Maybe what you are looking for is jax.pmap?

jax.pmap distributes each batch index across multiple XLA devices. It requires that that batch dimension be smaller than or equal to the number of XLA devices. However, my issue is with underutilization of a single device.

Currently, for example, the only apparent option to increase device utilization is to double (triple, etc.) the number of qubits and run the two sections of the same circuit in parallel, obviously wasting computation for the sake of parallelism.

What are you comparing against?

Just a sidenote that executing qjit(vmap(qnode))(inputs) is much faster than jax.jit(jax.vmap(qnode))(inputs), probably due to the compiled circuit.

Let me get some additional info on this and get back to you :slight_smile:

Yes, more information on what I could do to achieve this parallelism would be game changing for me.
Thanks :slight_smile:

That’s true, I believe that is what would happen if you use JAX directly with the default.qubit device, because it is written in Python using JAX instructions, it should be able to vectorize the simulation of each individual gate.
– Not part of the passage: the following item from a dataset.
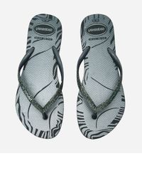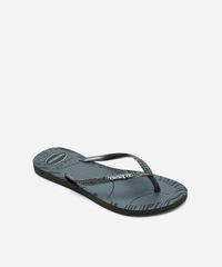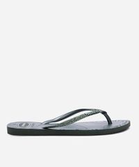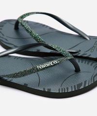 Chinelo desenvolvido em material emborrachado resistente com estampa abstrata. O modelo tem bico arredondado e cabedal de tiras finas com aplicação de brilho e logomarca e suporte para encaixar os dedos. A sola é texturizada e auxilia no caminhar.

If you haven’t tried this configuration yet this might be what you are looking for :slight_smile:

Unfortunately, because device internals (living in pre-compiled libraries) are opaque to Catalyst , we cannot vectorize operations like that even if they are simulators.

However, my issue is with underutilization of a single device.

Got it, thanks for clarifying the use case!